We are willing to buy a workstation to train machine learning computer vision. Considering that we are a small company we are considering buying a workstation with 2x RTX 4090 in it. I am a deep learning engineer but so far I have only worked with a single GPU so I have some questions on distributed training.

So far I have read that Nvidia removed NVlink for 40 series, so that means that data is using PCIE to be transfered if I am right. I saw some tutorials on the internet about distributed training (naive model parallelism => dividing the model in two parts, each part on a GPU).

I was wondering :

  • is it possible to transfer a tensor from gpu_0 to gpu_1 during training using torch .to(device) (with 4090s)
  • does it make sense to do that ? By this I mean : will it still be efficient without NVLink, or this a waste of time during training ?

Also, I came across the term “P2P” on some forum about 4090, can someone clarify what does it means exactly ?

As far as I understand the naive model parallelism makes the GPUs work one at a time, I was wondering if other kind of pipeline of distributed training exists with 4090 considering no NVLink ?

Thank you !

I suspect you might get better help asking questions like this on a pytorch forum, such as discuss.pytorch.org


I havn’t tried that syntax myself.

It will move from GPU to GPU roughly at the speed afforded by your PCIE connection.

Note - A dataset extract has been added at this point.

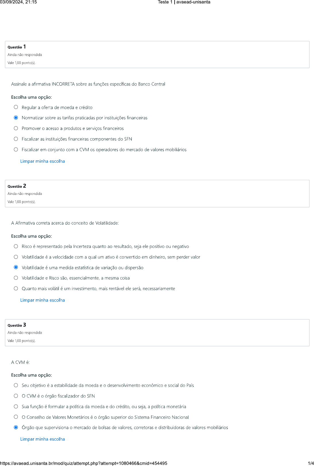 <p>03/09/2024, 21:15 Teste 1 avaead-unisanta Questão 1 Ainda não respondida Vale 1,00 ponto(s). Assinale a afirmativa INCORRETA sobre as funções específicas do Banco Central Escolha uma opção: Regular a oferta de moeda e crédito Normatizar sobre as tarifas praticadas por instituições financeiras Promover acesso a produtos e serviços financeiros Fiscalizar as instituições financeiras componentes do SFN Fiscalizar em conjunto com a CVM os operadores do mercado de valores mobiliários Limpar minha escolha Questão 2 Ainda não respondida Vale 1,00 ponto(s). A Afirmativa correta acerca do conceito de Volatilidade: Escolha uma opção: Risco é representado pela Incerteza quanto ao resultado, seja ele positivo ou negativo Volatilidade é a velocidade com a qual um ativo é convertido em dinheiro, sem perder valor Volatilidade é uma medida estatística de variação ou dispersão Volatilidade e Risco são, essencialmente, a mesma coisa Quanto mais volátil é um investimento, mais rentável ele será, necessariamente Limpar minha escolha Questão 3 Ainda não respondida Vale 1,00 ponto(s). A CVM é: Escolha uma opção: Seu objetivo é a estabilidade da moeda e desenvolvimento econômico e social do País O CVM é órgão fiscalizador do SFN Sua função é formular a política da moeda e do crédito, ou seja, a política monetária Conselho de Valores Monetários é órgão superior do Sistema Financeiro Nacional Órgão que supervisiona mercado de bolsas de valores, corretoras e distribuidoras de valores mobiliários Limpar minha escolha 1/4</p><p>03/09/2024, 21:15 Teste 1 avaead-unisanta Questão 4 Ainda não respondida Vale 1,00 Assinale a afirmativa INCORRETA: Escolha uma opção: Em via de regra, ativos mais voláteis tem maior potencial de retorno A lei da oferta e demanda afetam a liquidez dos ativos e, logo, seu potencial de retorno. A Volatilidade é uma medida genérica de risco, podendo haver outras formas de risco, que não reduz a importância da volatilidade. Com a diversificação é possível diminuir a volatilidade de uma carteira de investimentos, mas não eliminá-la Não há volatilidade na renda fixa Limpar minha escolha Questão 5 Ainda não respondida Vale 1,00 ponto(s). Sobre os Agentes do SFN assinale a afirmativa FALSA: Escolha uma opção: Bolsas de Valores são ambientes fictícios nos quais ativos de renda variável são, exclusivamente, negociados. As cooperativas são organizações sem fins lucrativos que atuam no Instituição de pagamento (IP) é a pessoa jurídica que viabiliza serviços de compra e venda e de movimentação de recursos, no âmbito de um arranjo de pagamento, sem a possibilidade de conceder empréstimos e financiamentos a seus clientes. Banco é a instituição financeira especializada em intermediar dinheiro entre poupadores e aqueles que precisam de empréstimos, além de custodian (guardar) esse dinheiro. Ele providencia serviços financeiros para os clientes (saques, empréstimos, investimentos, entre outros). As corretoras de títulos e valores mobiliários (CTVM) e as distribuidoras de títulos e valores mobiliários (DTVM) atuam nos mercados financeiro e de capitais e no mercado cambial intermediando a negociação de títulos e valores mobiliários entre investidores e tomadores de recursos. Limpar minha escolha 2/4</p><p>03/09/2024, 21:15 Teste 1 avaead-unisanta Questão 6 Ainda não respondida Vale 1,00 ponto(s). Acerca dos Agentes Normativos e Fiscalizadores do SFN assinale a alternativa INCORRETA: Escolha uma opção: A Comissão de Valores Mobiliários (CVM) foi criada em 07/12/1976 pela Lei 6.385/76, com objetivo de fiscalizar, normatizar, disciplinar e desenvolver mercado de valores mobiliários no Brasil. A SUSEP é órgão responsável pelo controle e fiscalização dos mercados de seguro, previdência privada aberta, capitalização e resseguro. O Conselho Monetário Nacional (CMN) é agente superior do Sistema Financeiro Nacional (SFN) e tem a responsabilidade de formular apenas a política monetária. Banco Central é uma autarquia federal ligada ao Ministério da Fazenda, que tem como missão garantir a estabilidade do poder de compra da moeda do país, Real, e assegurar a eficiência e bom funcionamento do mercado financeiro local. A CMN tem por objetivo a estabilidade da moeda (controlar a inflação e a volatilidade cambial) e O desenvolvimento econômico e social do país (mediante a defesa do poder de compra e acesso à crédito). Limpar minha escolha Questão 7 Ainda não respondida Vale 1,00 ponto(s). Acerca do que é Inflação, assinale a definição teórica CORRETA: Escolha uma opção: A inflação é uma média da variação de preços de uma cesta de produtos e serviços. A inflação mede quanto aumentou custo de vida dos brasileiros. A inflação é resultado da desvalorização cambial. A inflação é uma medida de desvio de preços para O consumidor comum. A inflação é uma medida usada como base para as taxas de juros. Limpar minha escolha Questão 8 Ainda não respondida Vale 1,00 ponto(s). Com relação ao CVM assinale a atribuição INCORRETA: Escolha uma opção: Estabelecer as taxas e corretagens cobradas por operações financeiras no mercado da bolsa. Liberar as Ofertas Públicas de Ações. pela transparência das informações no mercado de capitais. Fiscalizar agentes operadores como CTVMs e DTVMs. Prestar informações à justiça em caso de operações financeiras fraudulentas no mercado de valores mobiliários. Limpar minha escolha https://avaead.unisanta.br/mod/quiz/attempt.php?attempt=1080466&cmid=454495 3/4</p><p>03/09/2024, 21:15 Teste 1 I avaead-unisanta Questão 9 Ainda não respondida Vale 1,00 Assinale a alternativa CORRETA: Escolha uma opção: Não há risco de crédito na renda variável. A Volatilidade é uma medida estatística de risco, que generaliza, mas não abrange, todos os tipos de risco. Não há risco na renda fixa já que FGC cobre seu prejuízo. O r

To do a comparison with NVLink, more specifics would be needed, such as what is the bandwidth of the NVLink you are imagining (since none exist for 4090)? But to a first order approximation, the impact (at least for the data transfer) could be considered proportional to the bandwidth of PCIE on your proposed platform vs. the bandwidth of NVLink on your imagined platform.

certainly if you can arrange to not be moving tensors around (and I think pytorch DDP would arrange for that, but I’m definitely not an expert) its probably more efficient than moving tensors around. Even DDP will have to move some data at certain points.

If you google for GPUDirect Peer to Peer you will find many discussions. At a basic level it allows for data transfer from one gpu to another with the smallest amount of interaction from the CPU, and if you had NVLink, it would be necessary to use P2P to take advantage of NVLink.

This isn’t really a CUDA question, and there are multiple possibilities for work organization in distributed training. I believe pytorch implements more than one kind of parallelism.

P2P is also not supported, at least for the 4090, so if this is important or a requirement, it needs to be considered.